# ReEncoding DVD/Blueray video with CUDA?



## Fitseries3 (Dec 12, 2009)

i've searched and i havent found anything about this idea i had.

perhaps its a dumb idea but it came to me a few minutes ago.

my i7 wants to take 4 hours to reencode a 30gb blueray which seems painfully long if you ask me.

then i got to thinking.... 

GPU's could probably do it faster right?

im looking over this CUDA thing and i have no idea what im doing here. im not a coder/programmer at all so im putting this idea out there for someone to work on. 

i'd love to see something come of this. 

any idea where to start?


----------



## driver66 (Dec 12, 2009)

http://www.badaboomit.com/

This does it
I think..........


----------



## Wile E (Dec 12, 2009)

Badaboom is crap for quality tho. The best quality unfortunately comes from cpu encoding still.

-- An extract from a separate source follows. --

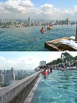 Une piscine à débordement est un type de piscine ou de miroir d'eau conçu pour donner l'illusion que la piscine fait partie à part entière du bassin où elle se trouve. Sur une face avec une vue dégagée sur l'horizon, l'eau débordant du bassin principal est récupérée en contrebas dans une gouttière d'évacuation, les bordures du bassin étant masquées. Jusqu'à un tiers plus cher qu'une piscine traditionnelle, ce type de piscine est souvent associé au luxe.

But, a close second is using CUDA with Mediacoder. It's a bit more technical to set up, as you actually need to know a little about some of the settings if you want the best quality, but it's capable of 200+fps on HD encodes.


----------



## mlee49 (Dec 12, 2009)

I just want to up-convert my media to HD content.  I tried Magic Video Converter, but that just makes different formats, avi to mov ect.

What do you use fit?


----------



## Wile E (Dec 12, 2009)

mlee49 said:


> I just want to up-convert my media to HD content.  I tried Magic Video Converter, but that just makes different formats, avi to mov ect.
> 
> What do you use fit?



Upconversion is pointless. It wastes space and accomplishes nothing. Upconvertion should be done on the hardware end during output.


----------